(Supplied data begins)
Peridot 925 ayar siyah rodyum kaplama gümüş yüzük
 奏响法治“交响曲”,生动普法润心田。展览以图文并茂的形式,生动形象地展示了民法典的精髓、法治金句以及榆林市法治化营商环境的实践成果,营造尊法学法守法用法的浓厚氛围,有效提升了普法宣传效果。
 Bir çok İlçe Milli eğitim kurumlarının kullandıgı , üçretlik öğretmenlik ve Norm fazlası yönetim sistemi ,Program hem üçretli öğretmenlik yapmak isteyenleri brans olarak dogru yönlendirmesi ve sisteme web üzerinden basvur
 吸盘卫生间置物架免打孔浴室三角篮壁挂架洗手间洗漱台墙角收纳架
(Supplied data ends)
(Supplied data begins)
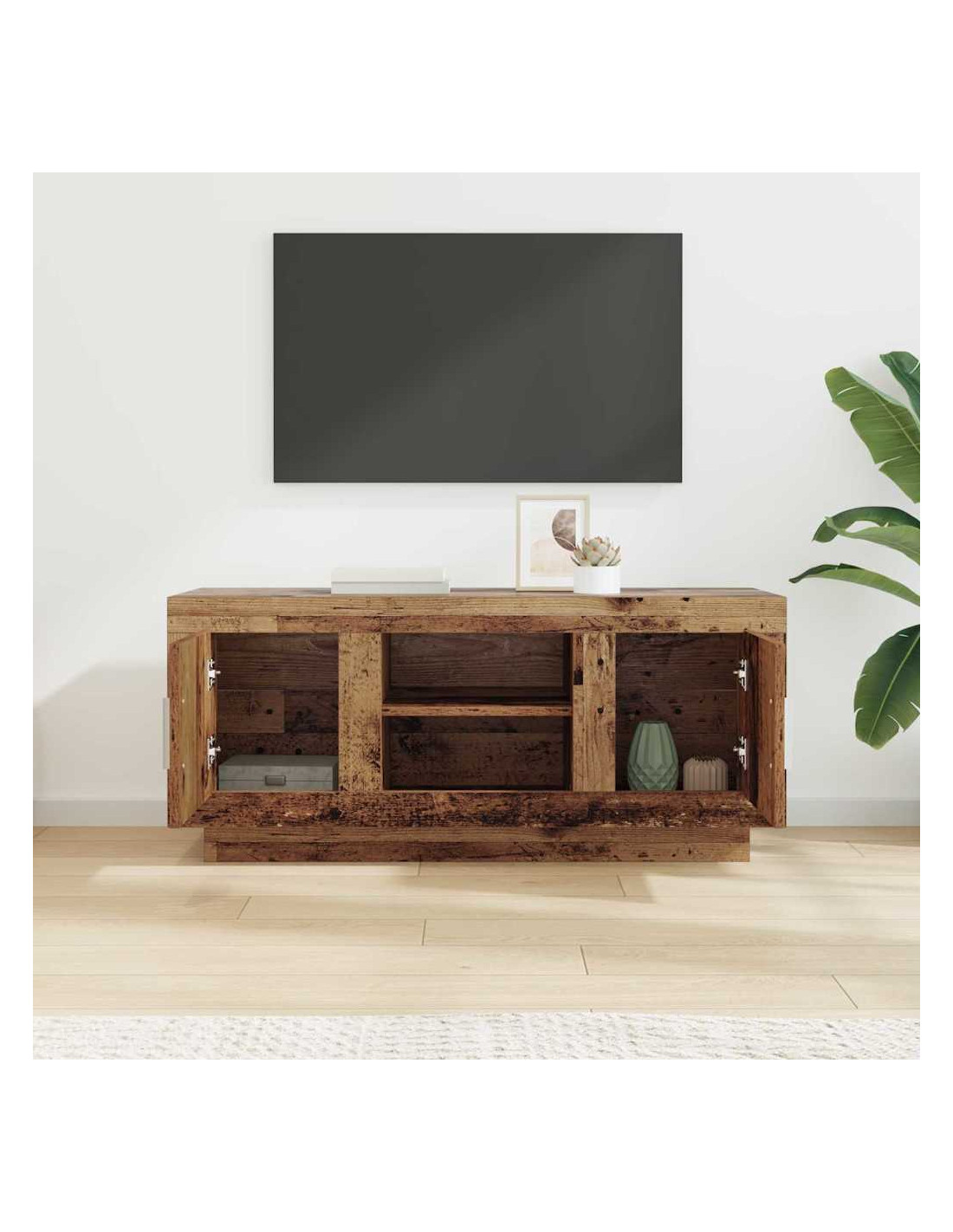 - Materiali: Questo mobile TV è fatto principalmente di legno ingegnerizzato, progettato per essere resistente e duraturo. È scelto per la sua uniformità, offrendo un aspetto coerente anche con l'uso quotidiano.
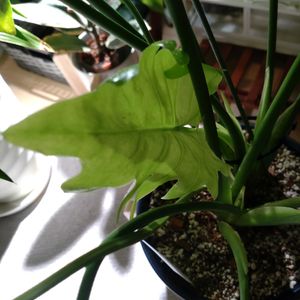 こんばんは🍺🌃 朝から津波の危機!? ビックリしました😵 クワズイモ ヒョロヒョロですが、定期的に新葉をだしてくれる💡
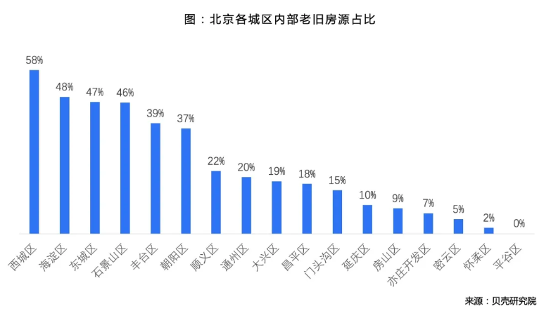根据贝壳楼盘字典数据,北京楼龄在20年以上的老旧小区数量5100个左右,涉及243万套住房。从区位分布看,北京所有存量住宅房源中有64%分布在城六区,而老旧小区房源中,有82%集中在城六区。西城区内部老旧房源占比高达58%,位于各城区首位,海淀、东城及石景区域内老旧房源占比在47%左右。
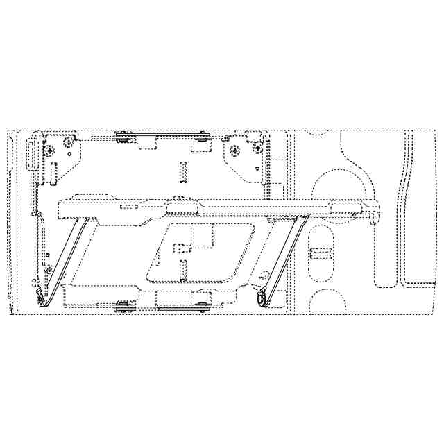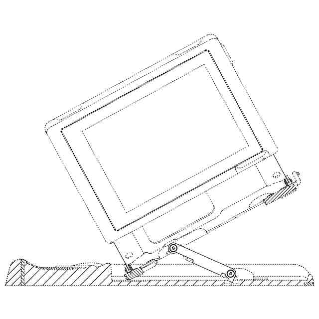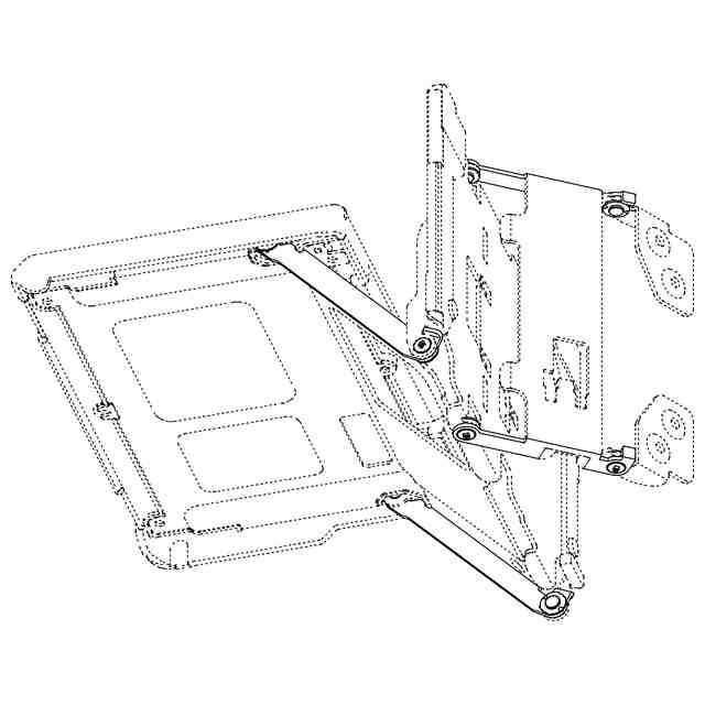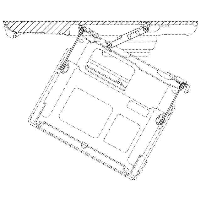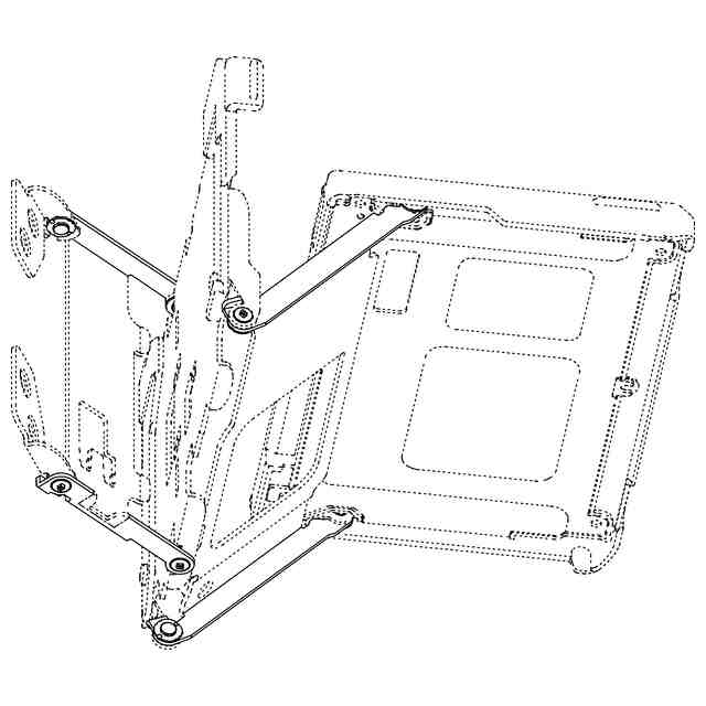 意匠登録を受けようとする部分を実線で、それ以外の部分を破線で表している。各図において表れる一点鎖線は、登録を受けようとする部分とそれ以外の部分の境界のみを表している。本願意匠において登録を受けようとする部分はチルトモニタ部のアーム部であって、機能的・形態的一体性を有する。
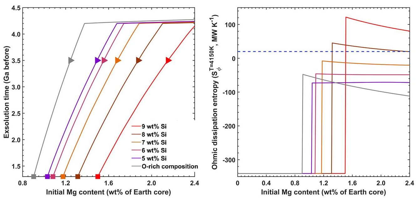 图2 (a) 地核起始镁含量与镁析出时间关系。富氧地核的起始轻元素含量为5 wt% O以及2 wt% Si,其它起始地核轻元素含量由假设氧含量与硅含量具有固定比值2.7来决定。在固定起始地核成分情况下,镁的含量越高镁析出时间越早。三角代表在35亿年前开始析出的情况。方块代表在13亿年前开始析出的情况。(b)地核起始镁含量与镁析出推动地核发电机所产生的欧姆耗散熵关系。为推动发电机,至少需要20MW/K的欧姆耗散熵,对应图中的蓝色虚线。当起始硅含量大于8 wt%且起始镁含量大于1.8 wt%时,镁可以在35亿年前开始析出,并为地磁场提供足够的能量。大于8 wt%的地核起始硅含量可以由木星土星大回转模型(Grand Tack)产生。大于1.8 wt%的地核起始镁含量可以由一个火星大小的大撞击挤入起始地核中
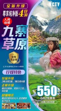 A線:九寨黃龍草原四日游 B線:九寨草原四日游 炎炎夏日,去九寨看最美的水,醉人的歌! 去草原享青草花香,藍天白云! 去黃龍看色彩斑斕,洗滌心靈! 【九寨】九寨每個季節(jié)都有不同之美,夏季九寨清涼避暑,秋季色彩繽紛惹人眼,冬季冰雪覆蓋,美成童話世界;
(Supplied data ends)
> **Task description**
From the listing above, please give again the lines that begin with the line holding "こんばんは🍺🌃 朝から津波の危機!? ビックリしました😵" and go on through the line holding "意匠登録を受けようとする部分", exactly, both ends included, minus any picture.

> **Written response**
 こんばんは🍺🌃 朝から津波の危機!? ビックリしました😵 クワズイモ ヒョロヒョロですが、定期的に新葉をだしてくれる💡
根据贝壳楼盘字典数据,北京楼龄在20年以上的老旧小区数量5100个左右,涉及243万套住房。从区位分布看,北京所有存量住宅房源中有64%分布在城六区,而老旧小区房源中,有82%集中在城六区。西城区内部老旧房源占比高达58%,位于各城区首位,海淀、东城及石景区域内老旧房源占比在47%左右。
 意匠登録を受けようとする部分を実線で、それ以外の部分を破線で表している。各図において表れる一点鎖線は、登録を受けようとする部分とそれ以外の部分の境界のみを表している。本願意匠において登録を受けようとする部分はチルトモニタ部のアーム部であって、機能的・形態的一体性を有する。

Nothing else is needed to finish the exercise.